I made a mistake with what I said about ohms, the correct setting would be hertz, I read that if you needed to you could use hertz which measure in revolutions per second, x it by 60 and you get your rpm, I cannot verify this and think its easier to just buy a tach, I need to also buy a manometer and then I will do a tear down and check to see if I have the stock main jet and stock jet needles. I downloaded the Honda Service Manual today and browsed through it, it's like a mini bible lol.
#7
I am just about to buy the multimeter you recommended for $40 on amazon, to sync the carbs can I use this? http://www.amazon.com/Actron-CP7803-...=pd_sim_auto_4
Also what size hose do I need to attach to the nipples on the carbs, and carb one has a threaded hole in it that I need an adapter for right?
Also what size hose do I need to attach to the nipples on the carbs, and carb one has a threaded hole in it that I need an adapter for right?
#8
Hold up ordering the tach at the moment. I bought mine because it's what another member on this site uses from a post in another thread however I haven't figured out which coil to hook the neg lead to or if it matters which 1 I choose because I'm looking to see the rpm rather than set timing or if there is another wire I can splice into. I'm trying to avoid not hacking into the bikes wiring any more than I have to. I'll let you know how it works this weekend. The link to the gauge is a pressure gauge so it wont help on setting the pilot screws. I'm getting ready for work right now so I don't have much time but I'll post a pic of the manometer I use later this evening.
#9
Too late lol. It looks like a good multi meter anyways so we can figure it out together. My boss just gave me a winters vacuum gauge that measures in Hg and kPa. It goes from 0 to -30 Hg I hope this will work, it is an air gauge, not water if that helps. Do you know the size of tubing ill need for the f3? And am I correct in saying that carb one needs a plug taken out and a fitting screwed in to measure the vacuum?
#10
This does both tach and vacume sync....
Harmonizer Vacuum Multi-Tool -- It ain't your Daddy's Twinmax - ADVrider
It's the real deal and he shipped it very fast. Was on my doorstep in 4 days.

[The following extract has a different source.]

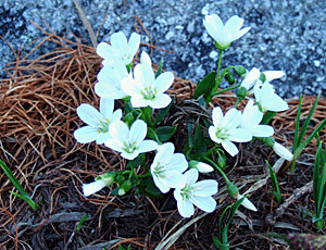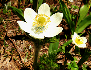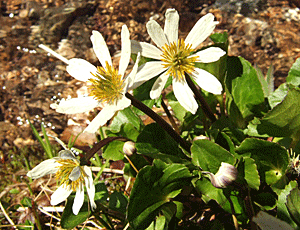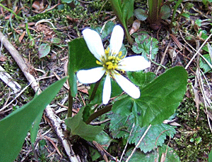 目玉焼きの花 「White Glove Flower ホワイト グローブ フラワー」 とよく似ているが、もっと毛深く 葉ももじゃもじゃしている 雪が解けたばかりの地面の様子 |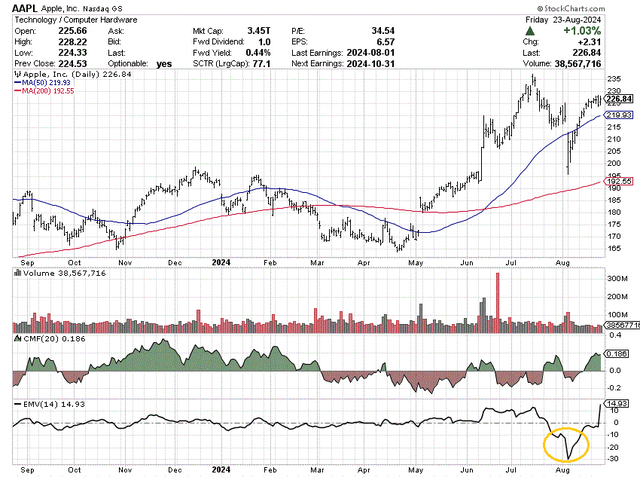 StockCharts.com – Apple, 1 Year of Daily Price & Volume Changes, Author Reference Point

On the tubing, I think it's 1/8" ID. And the F3 uses a 5mm metric nipple for the#1 cylinder. It's $4, at the honda dealer.
Ern
Harmonizer Vacuum Multi-Tool -- It ain't your Daddy's Twinmax - ADVrider
It's the real deal and he shipped it very fast. Was on my doorstep in 4 days.
On the tubing, I think it's 1/8" ID. And the F3 uses a 5mm metric nipple for the#1 cylinder. It's $4, at the honda dealer.
Ern
Last edited by MadHattr059; 01-12-2012 at 05:42 PM.